In common with other MPS disorders, MPS II is progressive, meaning that the symptoms worsen with time.
The biological processes that determine the age at which symptoms appear and the rate at which they progress are complex and not all are clearly understood. Mucopolysaccharide storage begins as a result of mistakes (mutations) in the genetic information (DNA) that code for the production of a specific enzyme that is responsible for breaking down specific mucopolysaccharides. These mutations determine how much active enzyme can be made, which will affect how much mucopolysaccharide can be broken down in the lysosome. As a general rule, if a mutation allows more active enzyme to be made, the mucopolysaccharide can be broken down more efficiently so disease progress is likely to be slower, with less storage occurring;
if a mutation allows little or no active enzyme to be made, mucopolysaccharide break down will be much less efficient and more will remain stored, so disease progress is likely to be more rapid.
Whilst mucopolysaccharide storage is a significant cause of symptoms it is important to understand that it is one part of a complex ‘cascade’ of changes that occur as a result of the reduction in enzyme activity: the mucopolysaccharides cannot be properly broken down in the lysosomes at the correct time and recycled; in turn, this causes abnormal changes to their function as well as to other functions of the cell. The flow-on effects of these changes significantly contribute to clinical outcome and disease progression in addition to the storage itself. Research is continuing to understand this ‘cascade’ of changes to improve diagnosis, predicting the rate of disease progression (prognosis) and treatment options.
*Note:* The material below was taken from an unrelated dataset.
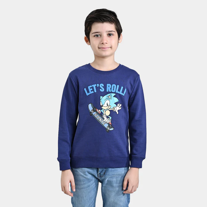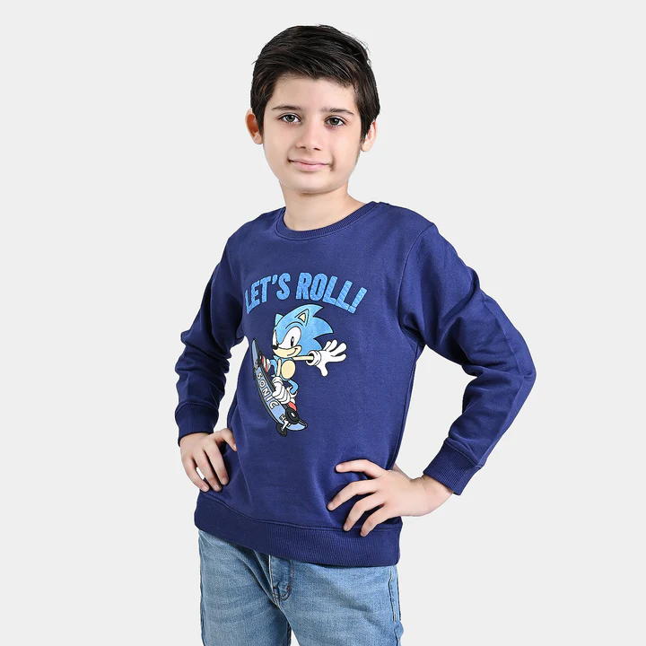 Boys Cotton Terry Sweatshirt -Navy Blue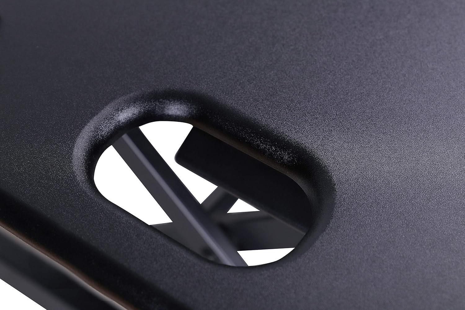 - RETRACTABLE ERGONOMIC KEYBOARD TRAY: Keyboard tray extends and retracts while keeping a 4.5" spacing between keyboard tray and desktop which helps keep arms and wrists in an ergonomic position to prevent neck and back strain while sitting or standing.

It is difficult to be precise about life expectancy because of variation in severity and age of onset. Some individuals whose brain is affected have lived into adulthood but this is usually accompanied by a decline in their quality of life as brain function deteriorates.
If the brain is not affected, a more normal life span can be expected, but significant physical problems can develop that, without treatment, may reduce life expectancy.
MPS II does not affect fertility. Teenagers will go through puberty, although it may be delayed.